Adams: Everything is political. I don’t believe in the conversation around apolitical thought. I just don’t. There are ways to address things that are better than a lot of the ways we do it. The conversation about how you reach an audience is important. The way you filter information for them and to them is important. You can make a political stand and have that be a thing you really plant your flag on without alienating people, if you’re willing to have those conversations with them in an honest and thoughtful way. If you come to the table not looking to jab everybody with every thought, I think there are ways to communicate that work in that way, that are better and more beneficial.

I lean into that. I think nuance is still an important part of the conversation. I do want to hear the other side, even if I know that I don’t agree with them. I get more information about how to be tactical when I hear what the other side is doing. But putting my head in the sand doesn’t do anything for me. It doesn’t give me any information in any good way. I’m fine with that when it makes sense, when it behooves me and the conversation. Be smart about it. I’d rather be laser-focused than have a shotgun.

GamesBeat: Do you have any expectations about the results for the show? Are there any expected favorites?

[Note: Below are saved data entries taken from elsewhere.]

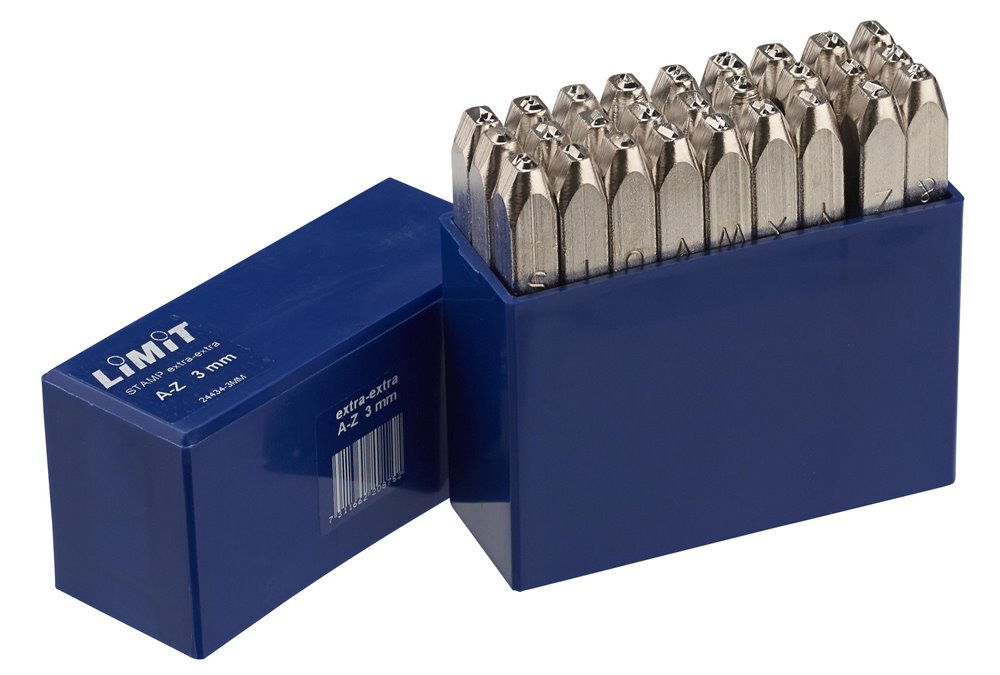 Stemple znakujące do stali i innych metali. 27 stempli z literami A–Z i znakiem &. Do wybijania znaków w materiale o wytrzymałości na rozciąganie do 150 kG/mm². Nadają się do znakowania stali nierdzewnej. Niklowane, celem zapobiegania zanieczyszczaniu przez przenoszone cząstki metalu. Umieszczony w pudełku z tworzywa sztucznego. Do znakowania elementów ze stali nierdzewnej. Symbole zgodne z DIN 1451.Część robocza hartowana do 58-61 HRC. Krawędzie boczne sfazowane dla polepszenia widoczności. Każdy stempel posiada oznakowanie: symbol, wielkość symbolu oraz międzynarodowy symbol zagrożenia dla oczu. Dostarczane w mocnym, udaroodpornym pudełku z tworzywa sztucznego.
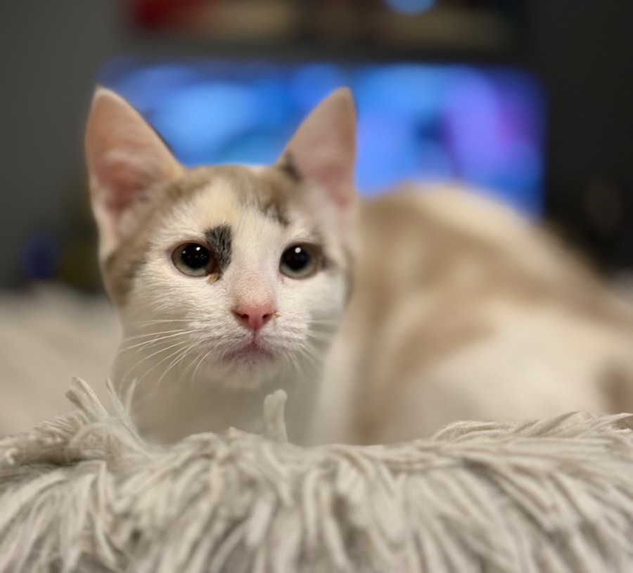 Her strictly indoor lifestyle guarantees she's a safe and cherished family member, eager to curl up beside you and fill your home with her gentle purrs and soft cuddles. Let Mia's enchanting presence fill your days with warmth and bring joy to your home.
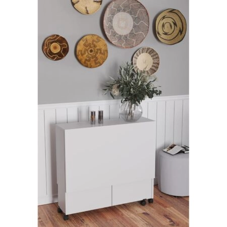 Τραπεζάκι Πτυσσόμενο Με Ροδάκια STANLEY Λευκό Μοριοσανίδα 120x80x73cm
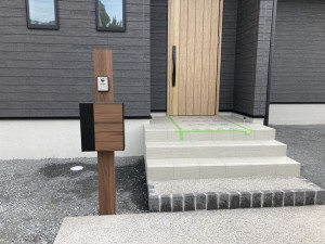 表札、表札灯、インターホン、ポストを備えた門柱タイプの機能ポールは 素敵な住宅をさらに引き立てます☆ 樹形がきれいなシマトネリコの植栽で、華やかな空間になりました♪
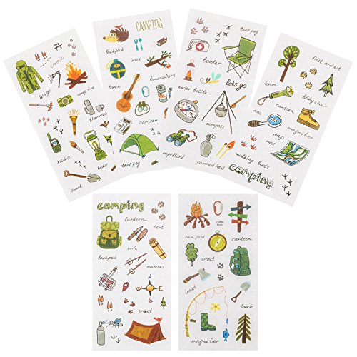 36 Sheets Stickers Set, Camping Stickers Set Decorative Sticker Collection for Scrapbooking, Calendars, Arts, Kids DIY Crafts, Album, Bullet Journals (Camping Theme)
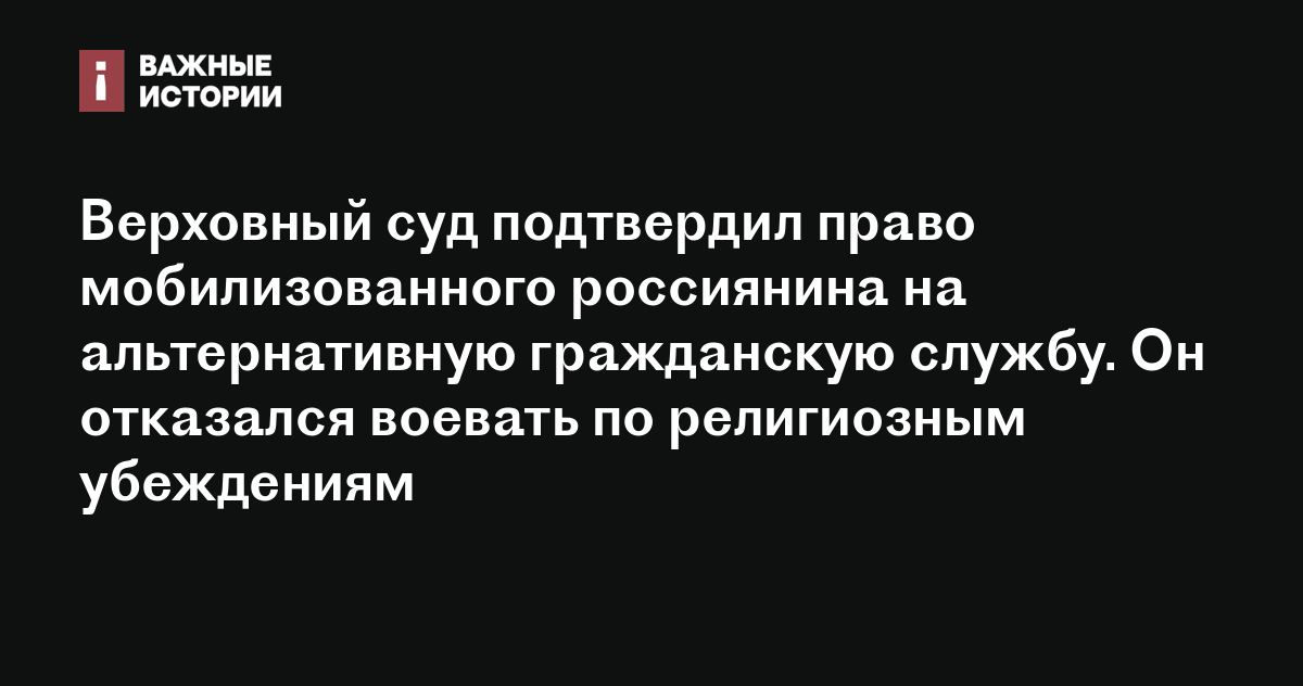 Верховный суд подтвердил право мобилизованного россиянина на альтернативную гражданскую службу. Он отказался воевать по религиозным убеждениям

Adams: The beauty of the Spawnies is that it’s all fan voting. The nominees are voted on by the fans. The winners are voted on by the fans. What’s been cool is to see the variation in games. We had 2,000 submissions for nominees. More than 900 different tallies for votes. That was cool. The beauty of the show is that we get a really wide swath of different kinds of stuff. Even if they don’t win, getting a chance to see what comes in is cool. We have an audience that plays stuff in triple-A, double-A, indie, mobile. How are they looking at the video game space? Sometimes you don’t get that full visual. It’s been fun to see that continue to happen.

It’s harder, though. Folks who have an understanding of, “Well, this game could have won, and this game didn’t win–” I tell people, “Get your votes in!” Then you can flip that table and make that game you wanted to get in win. We have some folks who’ve been disappointed. But I’d much rather have the audience do it than try to curate it based on–Riana Manuel-Peña and I, that’s my cohost, we play a certain amount of games per year. I play a bit more than most because I’m a part of the press. But even then, that’s a truncated version of the breadth and depth of what we see in terms of what comes out. I’d much rather index on the audience in that way so that they can be heard, as opposed to just, “Here’s a small funnel of the games that we got a chance to play.” We want it to feel pushed in that way.

I’m excited. We’re hopefully going to expand the show in a big way this year. Next year will get even bigger. Our broadcast partner, IGN, is going to be with us. It’ll be cool to do it for the first time with them. We have a Grammy award winner for our music guest this year, which is wild to think about. I just hope that people come to the table with open minds and hearts about it. This year has been hard. The next couple of years are still going to be hard. But I hope that people can find some catharsis in the hour and change that we have your eyes and years with the show. I hope that people support it, that they come in to be sponsors and viewers and showcase that this has a lane we’re filling that no one else can. That’s the hope.